In April 2011, Wireless entered into three separate three-year interest rate protection agreements to manage its interest
rate risk exposure under its Senior Secured Credit Facility. These agreements were effective on April 15, 2011 and cover a
notional amount of $450.0 million and effectively convert this portion of Wireless’ variable rate debt to fixed rate debt at a
weighted average annual rate of 5.242%. The monthly interest settlement periods began on April 15, 2011. These agreements
expire on April 15, 2014.
Interest rate protection agreements are entered into to manage interest rate risk associated with Wireless’ variable-rate
borrowings under the Senior Secured Credit Facility. The interest rate protection agreements have been designated as cash flow
hedges. If a derivative is designated as a cash flow hedge and the hedging relationship qualifies for hedge accounting under the
provisions of ASC 815 (Topic 815, “Derivatives and Hedging”), the effective portion of the change in fair value of the
derivative is recorded in accumulated other comprehensive income (loss) and reclassified to interest expense in the period in
which the hedged transaction affects earnings. The ineffective portion of the change in fair value of a derivative qualifying for
hedge accounting is recognized in earnings in the period of the change. For the year ended December 31, 2011, the change in
fair value did not result in ineffectiveness.
At the inception of the cash flow hedges and quarterly thereafter, the Company performs an assessment to determine
whether changes in the fair values or cash flows of the derivatives are deemed highly effective in offsetting changes in the fair
values or cash flows of the hedged transaction. If at any time subsequent to the inception of the cash flow hedges, the
assessment indicates that the derivative is no longer highly effective as a hedge, the Company will discontinue hedge
accounting and recognize all subsequent derivative gains and losses in results of operations. The Company estimates that
approximately $11.6 million of net losses that are reported in accumulated other comprehensive loss at December 31, 2011 are
expected to be reclassified into earnings within the next 12 months.
Cross-default Provisions
Wireless’ interest rate protection agreements contain cross-default provisions to its Senior Secured Credit Facility.
Wireless’ Senior Secured Credit Facility allows interest rate protection agreements to become secured if the counterparty to the
agreement is a current lender under the facility. If Wireless were to default on the Senior Secured Credit Facility, it would
trigger these provisions, and the counterparties to the interest rate protection agreements could request immediate payment on
interest rate protection agreements in net liability positions, similar to their existing rights as a lender. There are no collateral
requirements in the interest rate protection agreements. The aggregate fair value of interest rate protection agreements with
cross-default provisions that are in a net liability position as of December 31, 2011 is $21.0 million.
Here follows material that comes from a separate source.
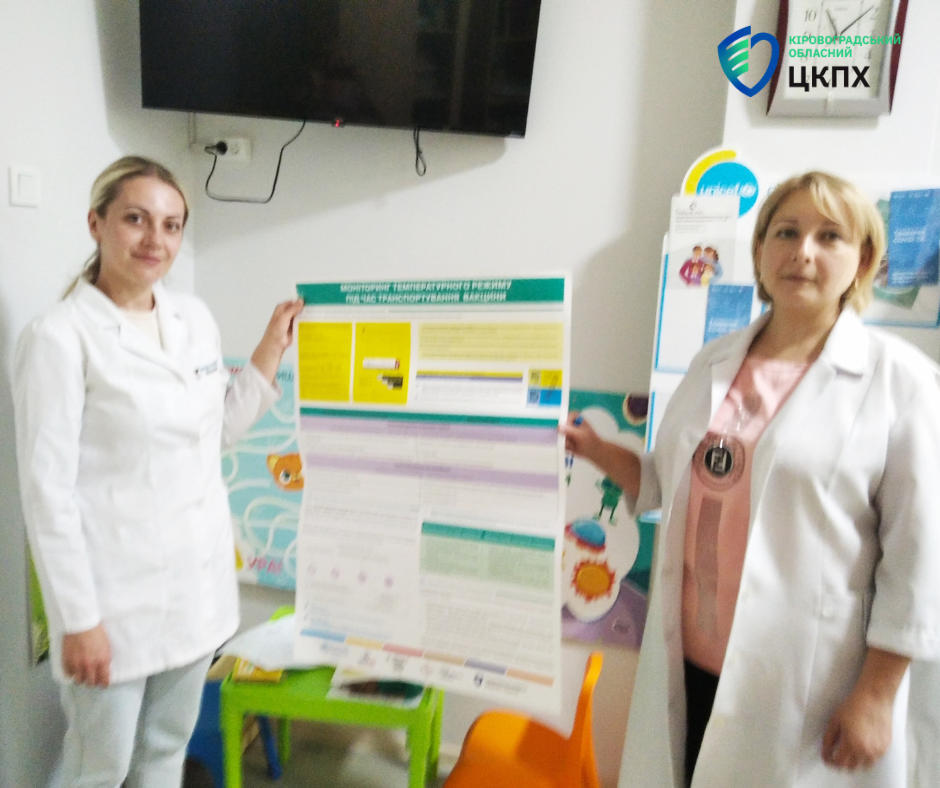 Фахівчиня Гайворонського відділення Світлана Кольченко відвідала Гайворонську амбулаторію ЗПСМ. Розтиражовано друковану продукцію «Моніторинг температурного режиму під час транспортування вакцини», «Розрахунок об’ємів вакцин та місткості холодового ланцюга», «Флаконний термоіндикатор (ФТІ)» та ін.

Fair Values of Derivative Instruments
(in thousands) Liability Derivatives
As of December 31, 2011 As of December 31, 2010
Balance Sheet Location Fair Value Balance Sheet Location Fair Value
Derivatives designated as hedging
instruments under ASC 815
Interest rate protection agreements Long-term investments $ Long-term investments $ 10,381
Interest rate protection agreements Other current liabilities (11,644) Other current liabilities (17,508)
Interest rate protection agreements Other long-term liabilities (9,371) Other long-term liabilities (1,182)
Total derivatives designated as
hedging instruments under ASC
815 $ (21,015) $ (8,309)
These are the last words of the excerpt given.